How the VA loan changed the math for this family
The McBrooms were well past the “buy early” window and already owned a home of their own. Even so, they were far from certain they could afford the larger house their family suddenly needed.
“It’s daunting when you sit there and look at the cost of a house nowadays,” Robbie tells Realtor.com.
The couple were living on a fixed income from Social Security and VA disability. They had built up some savings, but much of that cushion had been eaten up as they juggled two households. They had also been denied for a loan in Oregon in the past, leaving them skeptical that another attempt would go anywhere.
Then Barbara’s fall forced the issue.
“You actually go into it thinking, ‘well, you probably won’t get it, but it’s worth a try,’” Robbie says.
He had one reason to hope: Robbie had used a VA loan years earlier, and after repeatedly seeing ads for a VA loan provider, he urged Barbara to make the call.
“The VA loan is literally the best loan a person can have when they’re trying to buy a house, because there’s no down payment,” says Neil Brooks, a Phoenix-area real estate agent and Navy veteran.
Removing that hurdle alone can free up cash for closing costs or moving expenses. A VA loan can also offer a more accessible underwriting path than a conventional loan, helping some buyers qualify when they otherwise might not.
For the McBrooms, the difference was immediate.
Barbara says they were pre-approved for $450,000 the same day they reached out to NewDay USA, a VA loan provider. Less than a month later, they had closed on a home large enough to bring the family back under one roof.
Homeownership builds wealth, but it also creates room for family
“For the younger people, it’s about building wealth,” Brooks says about the affordability VA loans offer. “For the older folk, it’s more about security.”
It’s an important distinction, because the wealth-building power of homeownership is often discussed narrowly. Yes, it’s a story about appreciation, equity, and what a home might someday be worth. But it’s also about what ownership allows a family to do in the meantime: Consolidate resources, share care, and create a more stable base across generations.
It’s hard to overstate the difference that made for a family like the McBrooms. Their new home replaced two stressed households with one. It gave their nephew not only a bedroom, but also enough extra space for what Barbara describes as a man cave.
In other words, a VA loan did more than make the numbers work on paper; it gave them a way to act while their family was in crisis.
“That was another great thing about the process,” Robbie says, “because that took a lot of pressure off me over what was going on.”
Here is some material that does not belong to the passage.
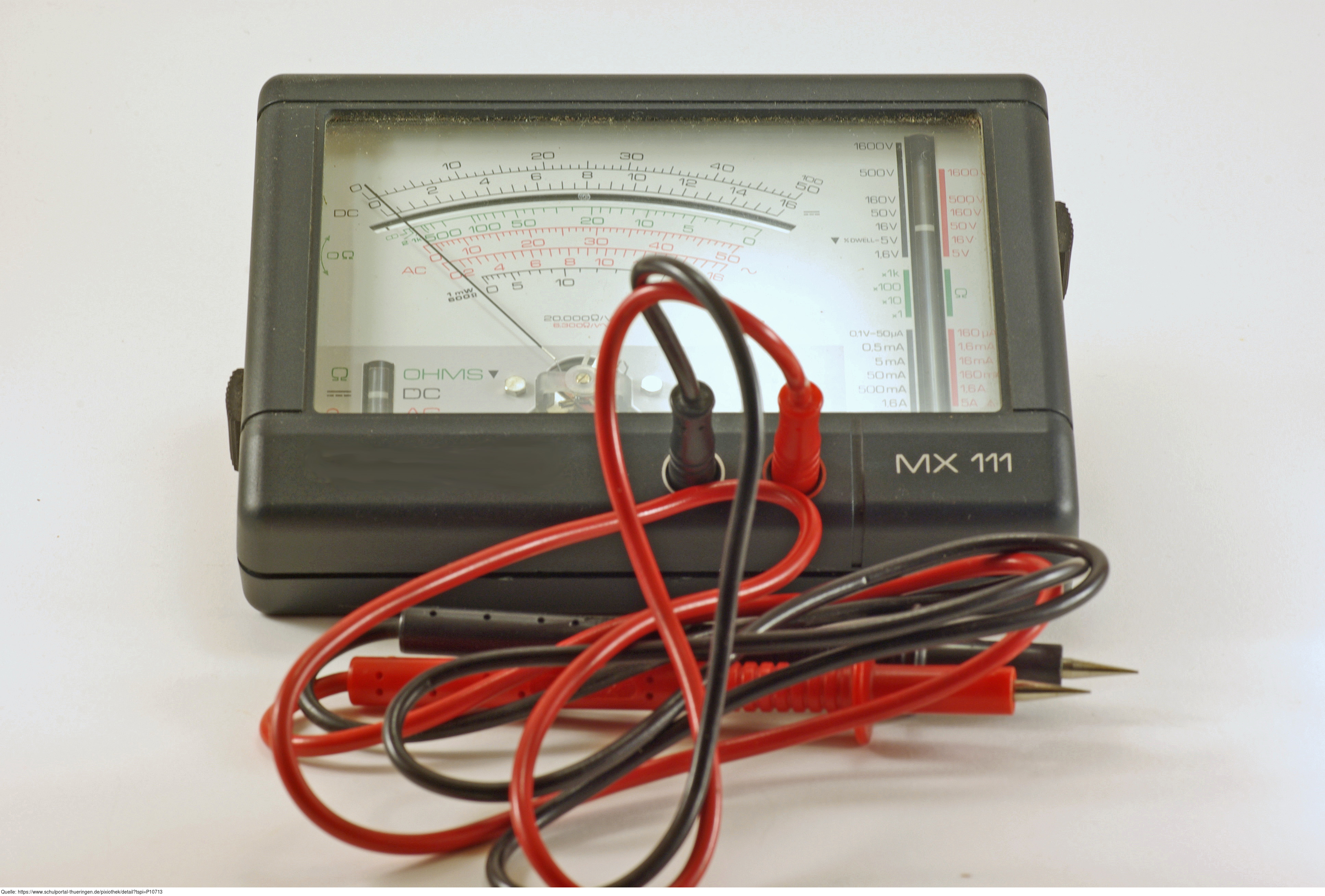 Das Foto gehört zur Serie "Elektrik". Es zeigt ein analoges Multimeter, ein Messgerät für Stromstärke, Spannung elektrischen widerstand,.... Das Bild ist unter CC0 lizenziert und kann somit frei verwendet werden.

And after months of strain, it brought the couple closer to relatives at a moment when illness, aging, and caregiving were becoming more central to daily life.
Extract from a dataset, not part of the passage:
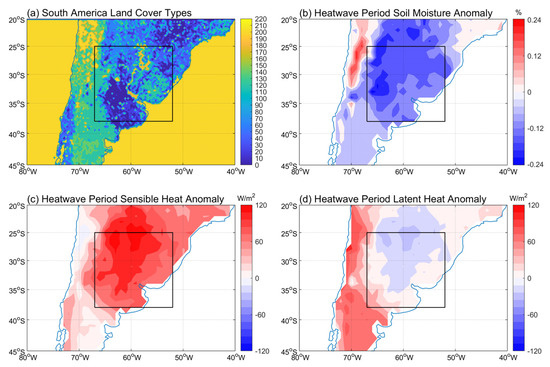 Surface condition during the 2022 South America heatwave: (a) the land cover of South American underlying surfaces, (b) soil moisture (0–7cm) anomaly, (c) sensible heat anomaly, and (d) latent heat anomaly (units: W/m2). (Note in (a) numbers represent different land cover types. 10—cropland, rainfed; 20—cropland, irrigated or post—flooding; 30—mosaic cropland/natural vegetation; 40—mosaic natural vegetation/cropland; 50—tree cover, broadleaved, evergreen, closed to open; 60—tree cover, broadleaved, deciduous; 70—tree cover, needleleaved, evergreen; 80—tree cover, needleleaved, deciduous; 90—tree cover, mixed leaf type; 100—mosaic tree and shrub/herbaceous cover; 110—mosaic herbaceous cover/tree and shrub; 120—shrubland; 130—grassland; 140—lichens and mosses; 150—sparse vegetation; 160—tree cover, flooded, fresh, or brackish water; 170—tree cover, flooded, saline water; 180—shrub or herbaceous cover, flooded, fresh/saline/brackish water; 190—urban areas; 200—bare areas; 210—water bodies; 220—permanent snow and ice).

That, too, is part of the generational wealth story.
A home is an appreciating asset, but it’s also the physical infrastructure that allows families to support one another. It can reduce the cost and chaos of living far apart, make caregiving more manageable, and create a stable place for multiple generations to gather, recover, and plan.
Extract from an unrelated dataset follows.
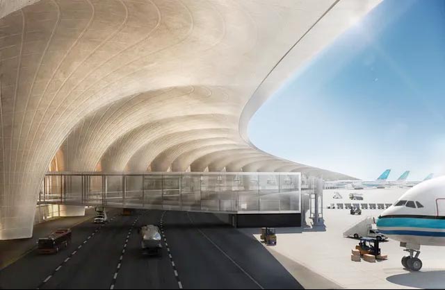 航站樓建筑面積約為708,111m2,地下三層,地上五層。科威特國際機場的擴建總承包商:Limak Holding Inc, Turkey;方案由英國福斯特建筑事務所(Foster & Partners)完成,建筑的每個立面長達1.2km,高25m。一期工程按每年客運吞吐量達到1300萬人次設計,T2航站樓建成可以滿足2500萬的吞吐量。

Soon after the move, Barbara was able to spend time with her younger brother after a heart attack and other serious health issues. Family members gathered at the new home for a meal together—something that would have been far more difficult in their previous living arrangement.
That kind of stability is part of how housing creates wealth, too.
The McBrooms are not arguing that this market is easy. In fact, without the help of their VA lender, they don’t know what they would have done. But it’s an important reminder for those who are eligible.
“It is achievable,” Robbie says. “I think that’s the thing people need to know. It is achievable, and the process doesn’t need to be as hard.”